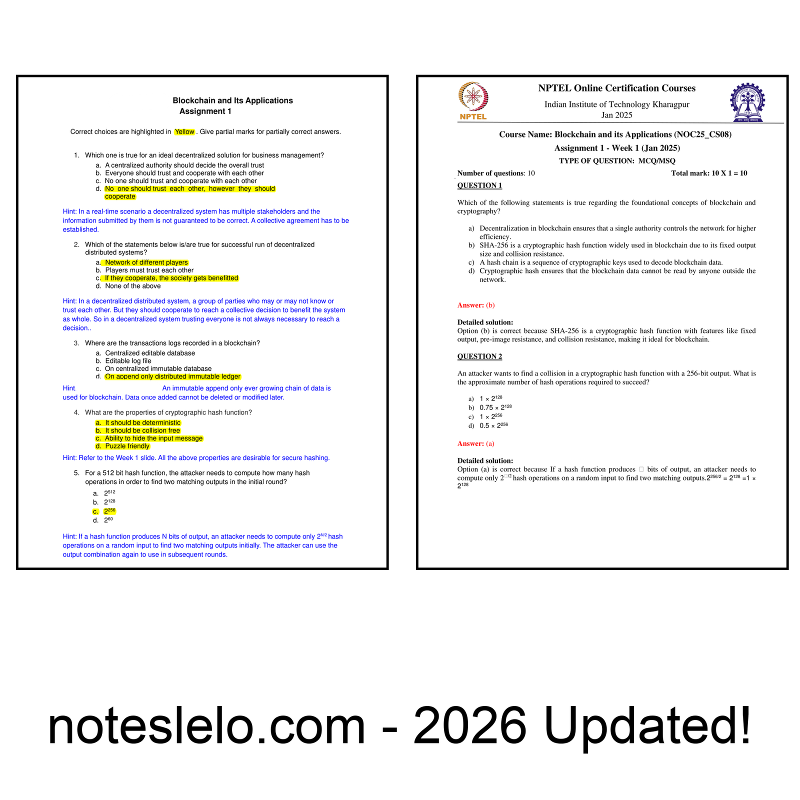 Blockchain and its Applications NPTEL Question Bank
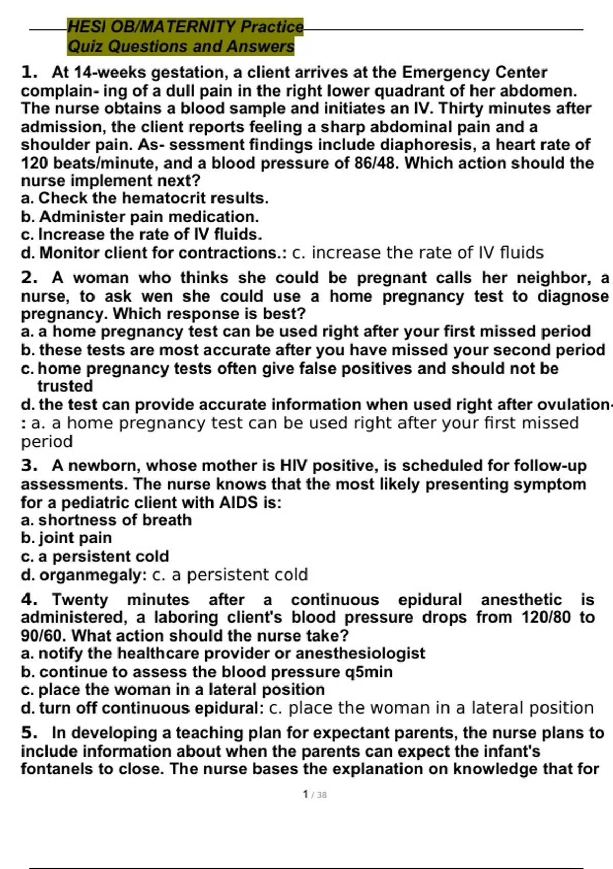 OB HESI/FINAL Questions And Answers 2022/2023//PRACTISE HESI QUESTIONS AND ANSWERS 2022//OB-Maternity HESI-NCLEX Hints Questions And Answers 2022/2023//Obstetrics/Maternity HESI Practice Questions And Answers 2022/2023//OB/Maternity HESI Assignment exam Q
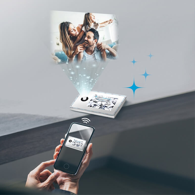 Do të shfaqet një pamje Live e kamerës së telefonit tuaj dhe nga diamanti I blisterit do të prezantohet në mënyrë virtuale si hologram videomesazhi juaj.
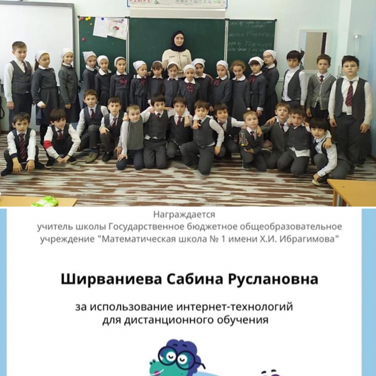04.06.2020Подводя итоги дистанционного обучения, смело можем сказать, что наши учителя одни из лучших по мнению сайта Учи.ру. Так, учителя начальных классов Ширваниеву С.Р. наградили грамотой за использование интернет-технологий дистанционного обучения. Поздравляем!
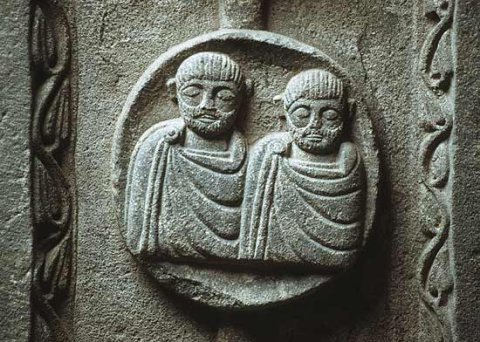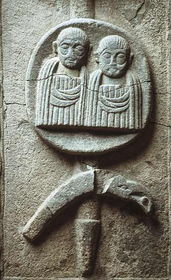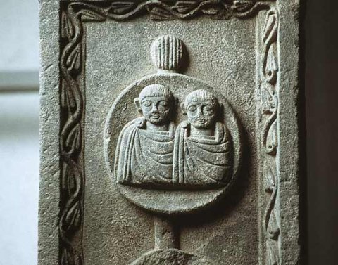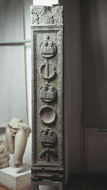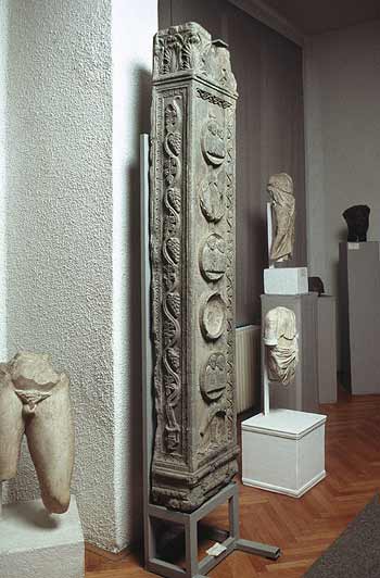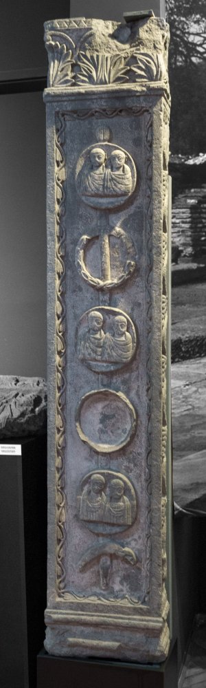 Auf der Vorderseite gerahmtes Feld, darin Standarte: Stange mit Knauf, an der drei Medaillons mit je zwei Kaiserbüsten befestigt sind, dazwischen ein Kranz und eine Schale. Unten Adlerkopf. Auf dem Rahmen Efeuranke, auf dem Kapitell Akanthusblätter.
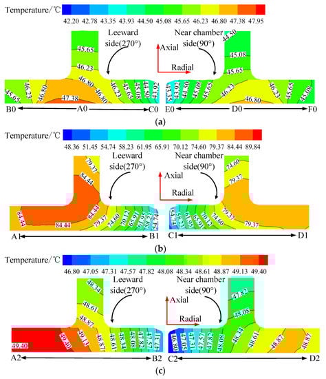 In order to explore the influence of the three schemes on the temperature distribution of the clamping plate in detail, Figure 9 shows the temperature contour distribution of the clamping plate on the leeward side and the near chamber side under different schemes. It can be seen from Figure 9 that the temperature of the clamping plate on the leeward side is higher than that on the near chamber side. As shown in Figure 9a, the maximum temperature of the clamping plate is 47.95 °C under the original structure, and the temperature at A0 and D0 in the middle of the clamping plate is higher. From A0 along the radial direction to B0, A0 along the radial direction to C0, D0 along the radial direction to E0, and D0 along the radial direction to F0, the temperature of the clamping plate gradually decreases, and the temperature of the inner circle side of the clamping plate is less than that of the outer circle. It can be seen from Figure 9b that in Scheme 1, the temperature of the clamping plate decreases gradually from A1 to B1 and from D1 to C1. However, the temperature contour of the inner circle side of the clamping plate is dense, and the temperature contour of the outer circle side of the clamping plate is sparse. Therefore, the cooling effect of the inner circle side of the clamping plate is better. On the one hand, the cooling medium velocity is small on the outer circle side of clamping plate. Moreover, in Scheme 1, the heat source of the clamping plate is larger, which leads to the higher temperature outside the clamping plate and the same temperature in a large area. The maximum temperature of the clamping plate is 89.84 °C. According to Figure 9c, the maximum and minimum temperatures of the clamping plate in Scheme 2 are 49.40 °C and 46.80 °C, respectively, which are 1.45 °C and 4.6 °C higher than the maximum and minimum temperatures of the clamping plate in the original structure. The temperature of the clamping plate under Scheme 2 decreases gradually from A2 to B2.
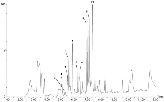 UHPLC-MS-QTOF analysis was applied for the qualitative chemical characterization of different metabolites in Vp-LRE. The components of Vp-LRE were separated and analyzed by UHPLC-MS-QTOF, and a typical UHPLC-MS-QTOF chromatogram of Vp-LRE, at negative ion mode, is shown in Figure 1. Glaucolide A and apigenin were identified and eight compounds were annotated, and detailed information of each peak is listed in Table 1. Peak annotation was based on each compound’s molecular ions and its MS/MS studies (Table 1), as well as comparison with the available literature. The options with the lower mass error values and the higher MS scores useful for obtaining better confident formula assignments were preferable. The structures of the proposed compounds were tentatively annotated through studying the fragmentation pattern using MS/MS spectra. In addition, the retention time (Rt) served as criterion of polarity and elution order, which was used for the numbering of the compounds (Figure 1 and Table 1).
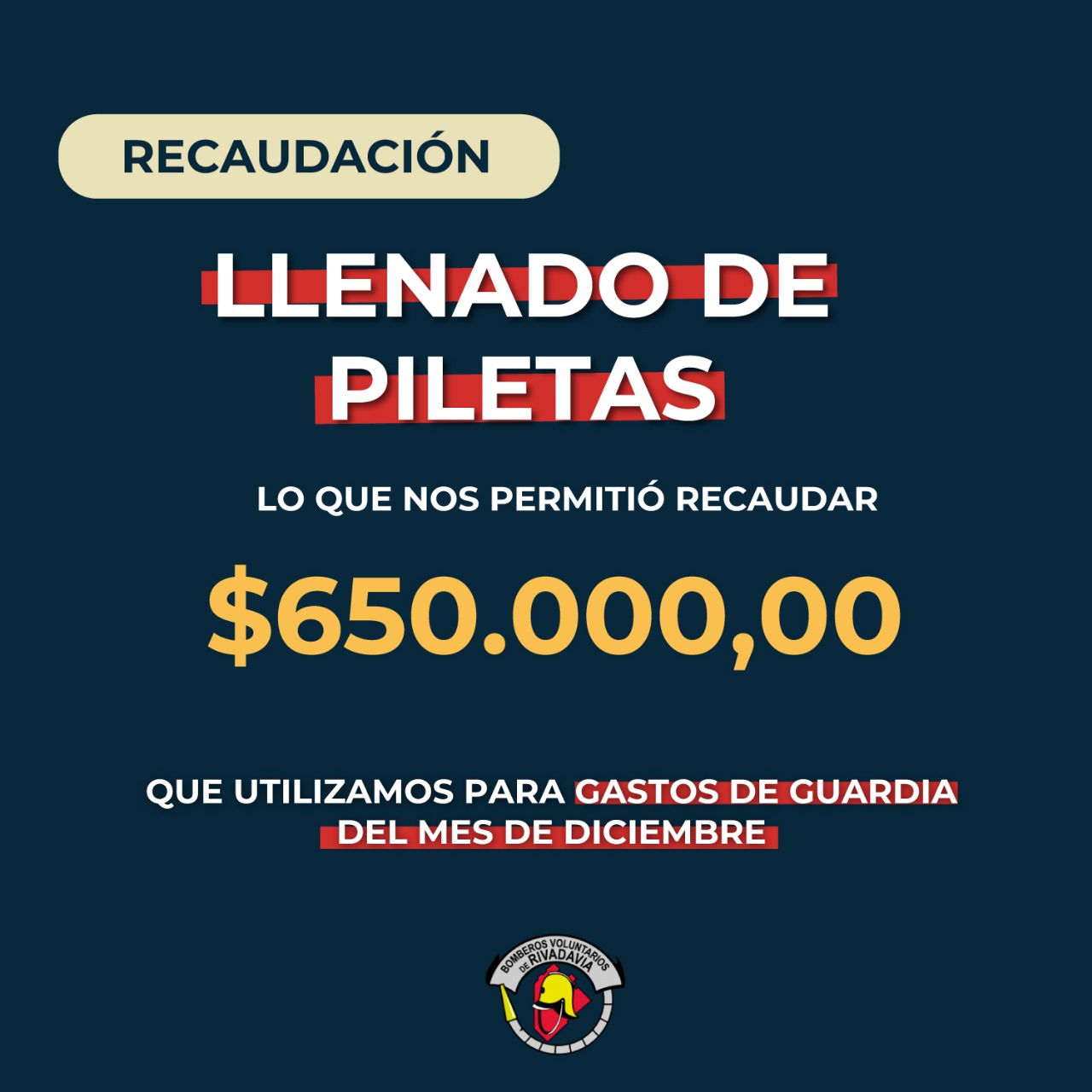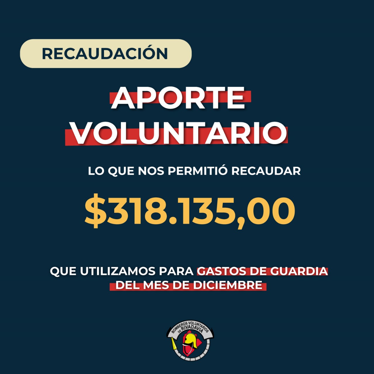Bomberos Voluntarios de Rivadavia dio a conocer los gastos del mes de diciembre 2024
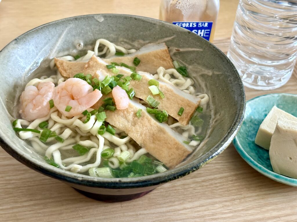 昼ごはんにローソンセレクトの沖縄そばを食べます。このちぢれ麺が好きです😊。
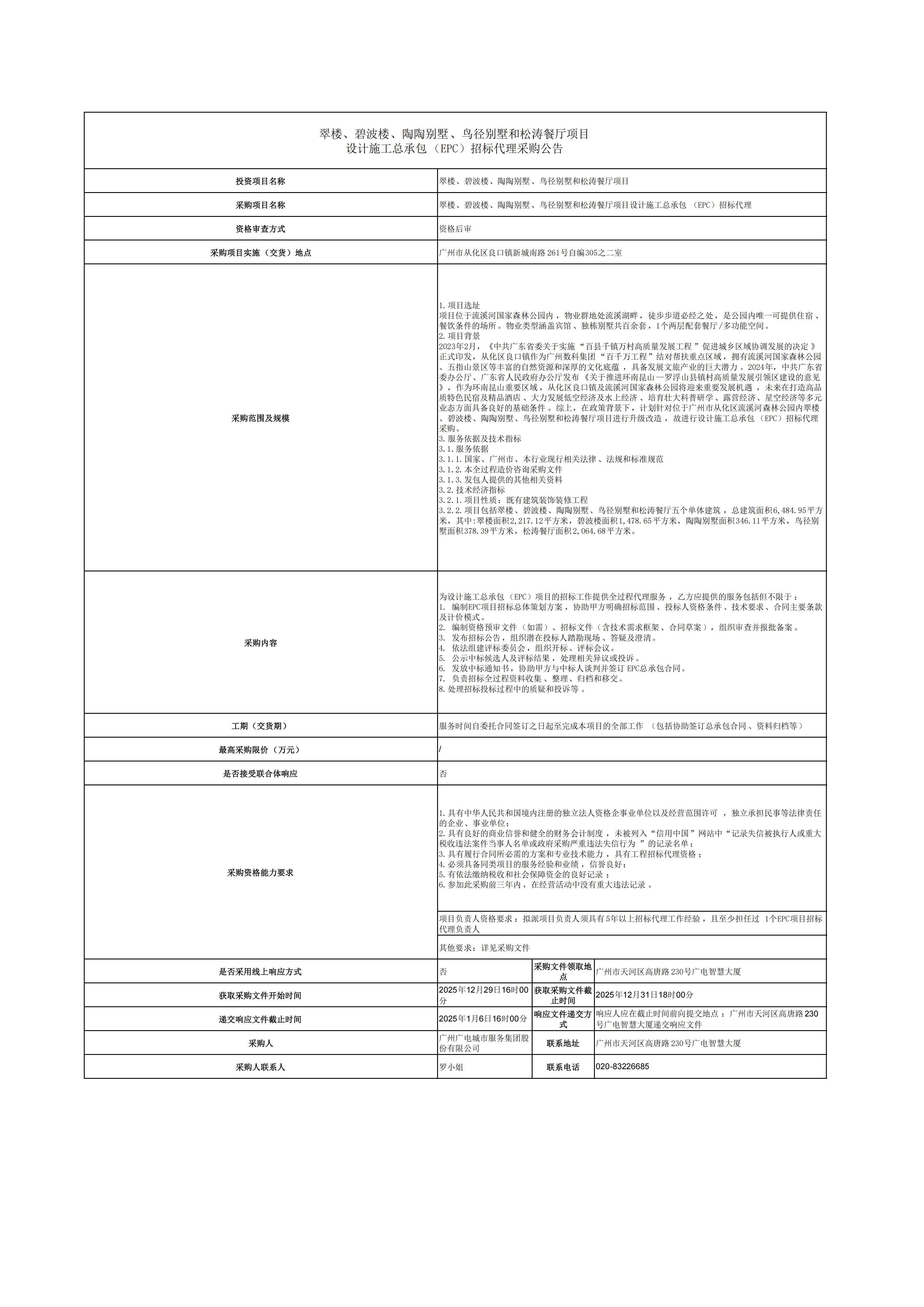 翠楼、碧波楼、陶陶别墅、鸟径别墅和松涛餐厅项目设计施工总承包(EPC)招标代理采购公告
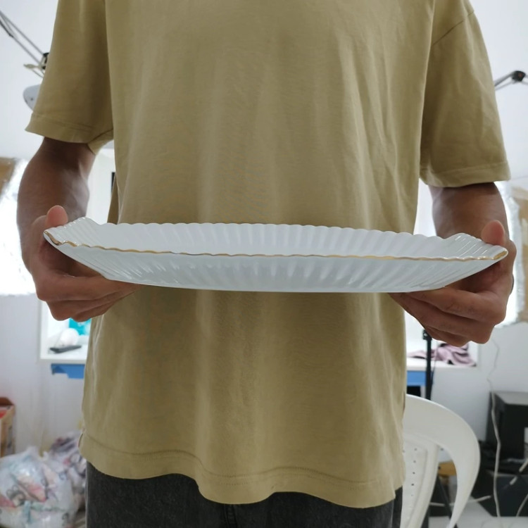 دیس بیضی سرامیک آماتیس مدل انگشتی لب طلا کد 725 ارسال رایگان
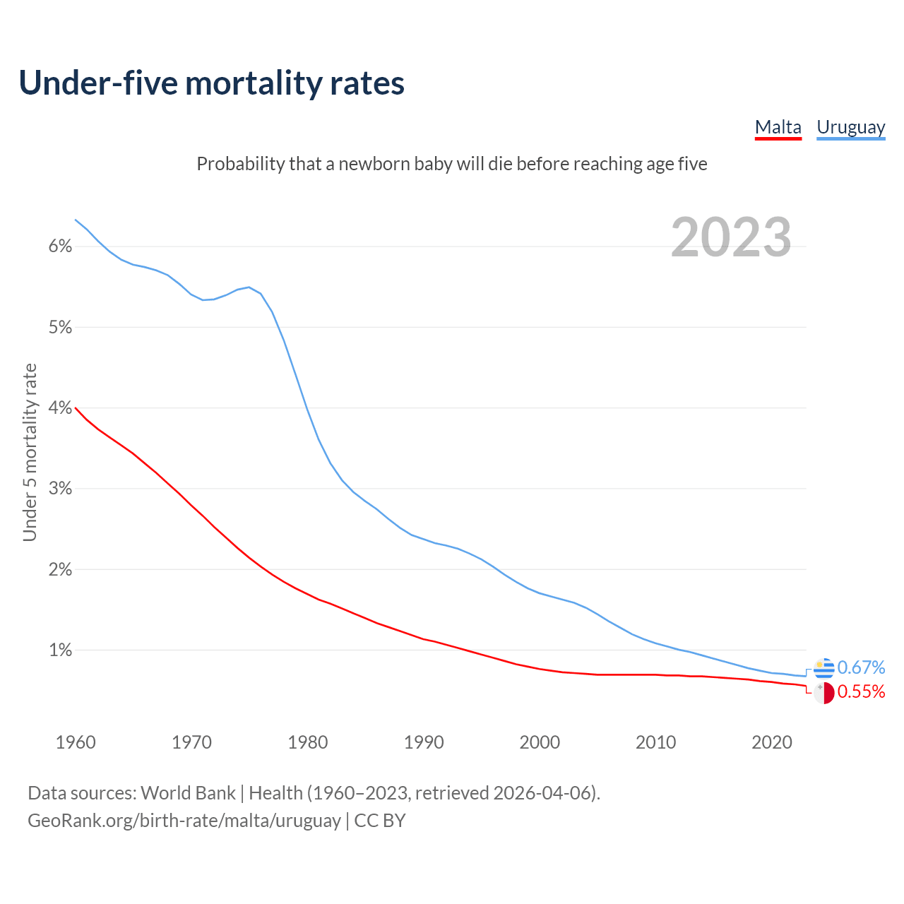 The chance that a newborn baby will die before reaching age five is 0.55% in Malta and 0.67% in Uruguay. Above is a chart with historical data on under-five mortality rates.
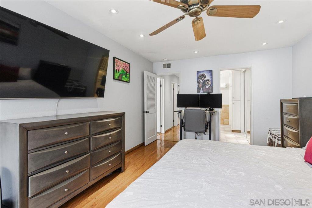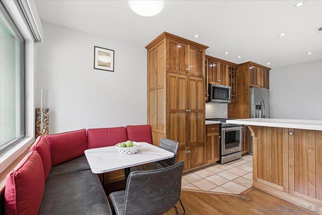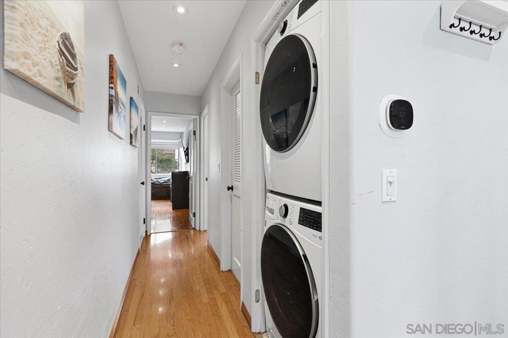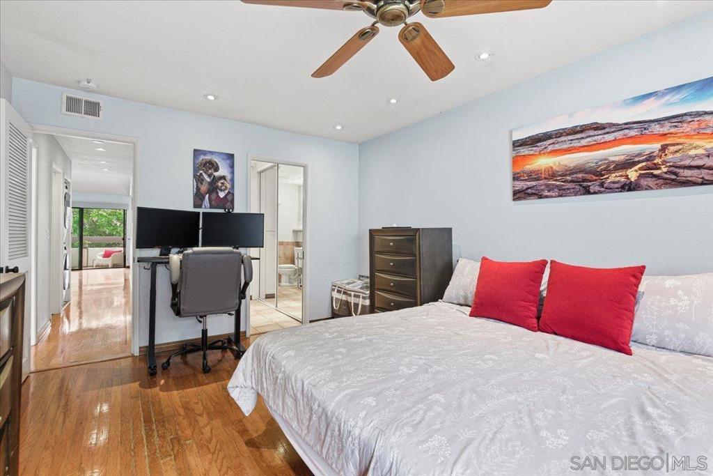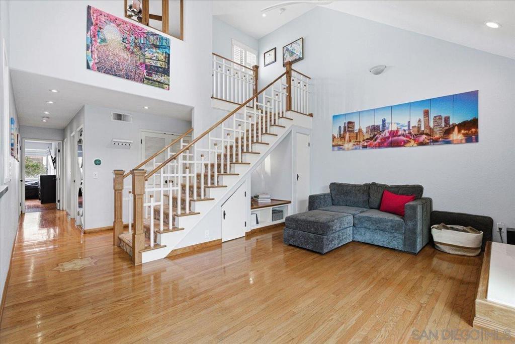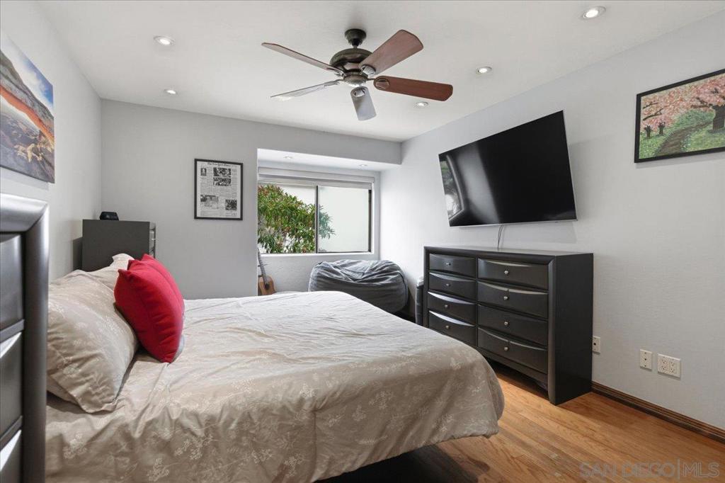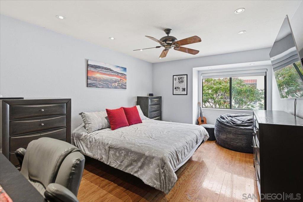 Experience elevated townhome living in the heart of Downtown’s prestigious Marina District within the coveted Park Row community. This exceptional second-story residence welcomes you with rich hardwood floors, soaring ceilings, and an airy open-concept design that blends sophistication with warmth. The expansive living room is illuminated by oversized windows and skylights, while a striking walnut-trimmed fireplace with art tile detailing creates an elegant focal point. A versatile dining area flows seamlessly into the timeless kitchen, thoughtfully appointed with custom black walnut cabinetry, quartz countertops, gas cooking, and refined finishes throughout. Oversized sliding glass doors extend the living space outdoors to a private balcony, where city views stretch toward Seaport Village and the Bay, an ideal setting for effortless indoor-outdoor entertaining. A custom-designed staircase leads to a bright, architectural loft featuring a built-in executive office for two (or bedroom), complete with solid wood desks, extensive bookcases, and integrated storage. A second set of sliding doors opens to an exclusive rooftop deck—perfect for sunset views and starlit evenings above the city. The private primary suite offers a tranquil retreat with a generous jetted soaking tub and a recently remodeled spa-inspired shower. Additional highlights include central air conditioning, in-unit laundry, recessed lighting, and abundant storage. Park Row residents enjoy lush park-like grounds adorned with sparkling fountains, a resort-style pool and spa, secured underground parking, 24-hour gated security, and ample guest parking, all just moments from waterfront dining, Seaport Village, The Rady Shell, Petco Park, the Gaslamp Quarter, the Convention Center, Balboa Park, and San Diego International Airport. A rare opportunity to enjoy refined townhome living in one of Downtown’s most distinguished locations.

• • •

TRY IT:
In the listing above, the required lines run from the line with "Bomberos Voluntarios de" through the line with "The chance that". Output exactly those lines, omitting pictures.

YOUR SOLUTION:
Bomberos Voluntarios de Rivadavia dio a conocer los gastos del mes de diciembre 2024
 昼ごはんにローソンセレクトの沖縄そばを食べます。このちぢれ麺が好きです😊。
 翠楼、碧波楼、陶陶别墅、鸟径别墅和松涛餐厅项目设计施工总承包(EPC)招标代理采购公告
 دیس بیضی سرامیک آماتیس مدل انگشتی لب طلا کد 725 ارسال رایگان
 The chance that a newborn baby will die before reaching age five is 0.55% in Malta and 0.67% in Uruguay. Above is a chart with historical data on under-five mortality rates.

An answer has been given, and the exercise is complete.